On Monday, Kohl’s Corporation, based in Menomonee Falls, Wisconsin, issued a press release confirming that the company has received a number of expressions of interest in acquiring the company, and announcing that the department store chain’s Board of Directors has hired the investment banking firm, Goldman Sachs, to assist them in assessing “multiple preliminary indications of interest.” Such indications are described as “non-binding and without committed financing.”
Goldman Sachs, headquartered in New York City, is a multinational firm that offers investment banking services, securities underwriting, asset management, investment management, and prime brokerage (bundled services for hedge fund clients).
It appears that Goldman Sachs’s initial assignment will be to help the retail chain’s Board sift through initial, non-binding proposals from suitors, with the objective of inviting qualified parties to conduct further due diligence of Kohl’s financial results, current condition and future prospects, in order to refine their proposals and firm up their plans for financing a takeover.

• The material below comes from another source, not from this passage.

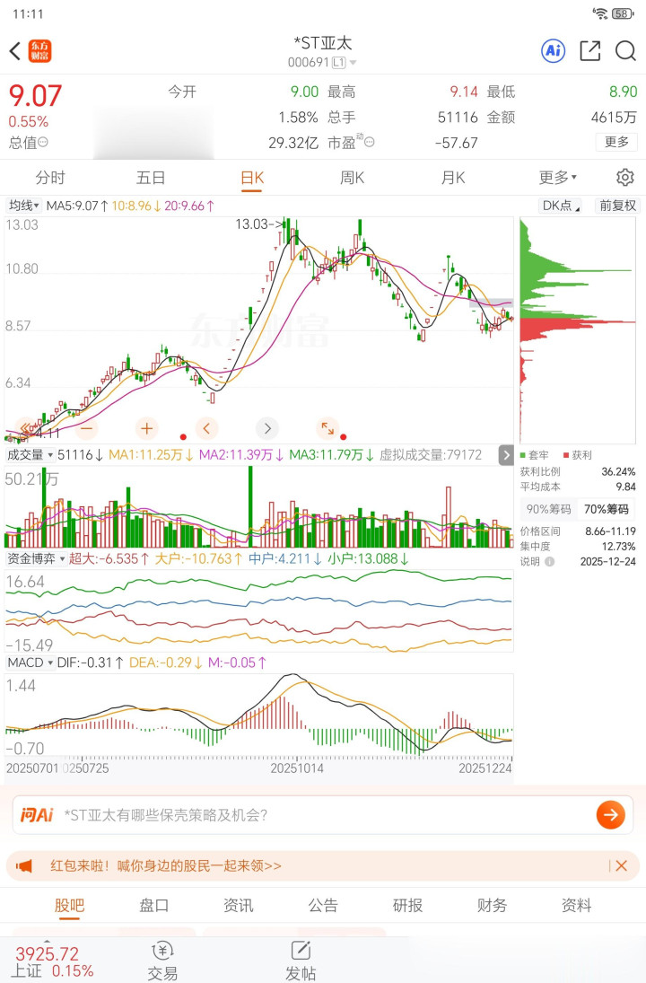 ST亚太在高位盘整时,我看不少ST老师分析,说它有航空航天概念,还是当地市长牵头推进重整,成功率特别高。结果到了预期的重整获批日期,一直没等来消息,股价立马一路大跌,我直接吃了大面,之前赚的全吐回去了,刚割肉卖出,它又反转开始一字板上涨,别提多悔了。

Kohl’s is what’s known as an omnichannel retailer, meaning it is positioned to reach and engage consumers across multiple channels and device types to provide consumers a seamless shopping experience, regardless of whether they are shopping in a brick-and-mortar store (the company operates more than 1,100 retail stores across 49 states), shopping online at kohls.com, shopping from a desktop computer, or using the Kohl’s app installed on a mobile device, such as a cell phone or a tablet.
Kohl’s positions itself as offering “amazing national and exclusive brands at incredible savings for families nationwide,” and claims its vision is to be “the most trusted retailer of choice for the active and casual lifestyle.”

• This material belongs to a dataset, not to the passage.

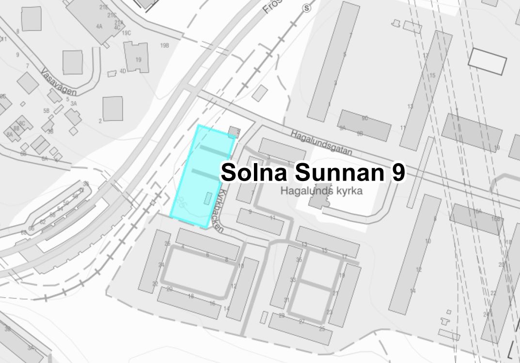 Solna är Sveriges tredje minsta kommun till ytan, med en landareal på endast 20 km². Befolkningsmässigt är Solna landets 27:e största kommun. Hagalund en av åtta stadsdelar i Solna kommun. Hagalund hade 8 898 invånare (år 2013), vilket utgör 12,2 procent av Solna kommuns totala invånarantal.Bebyggelsen utgörs huvudsakligen av bostäder, med åtta blåfärgade höghus som främsta kännetecken. Byggnaderna är 100 meter långa och 14 våningar höga. Husen stod färdiga 1973,

The Kohl’s Board has been feeling heat since December, when activist shareholder, Engine Capital, first pressured them to consider either splitting off their online operation or selling the entire business in order to boost the company’s share price.
In early February, Kohl’s Board came under further pressure from other activist shareholders when the hedge fund Macellum Advisors, which owns roughly 5% of Kohl’s stock, urged the company to sell itself, arguing that firm’s real estate holdings are worth more than the retail enterprise as a whole. In response, the Board’s Finance Committee, comprised only of independent directors, announced it would lead a review of expressions of interest.
Speculation as to parties likely interested in acquiring the chain has centered around the Canadian department store chain, Hudson’s Bay Co., and certain private-equity firms.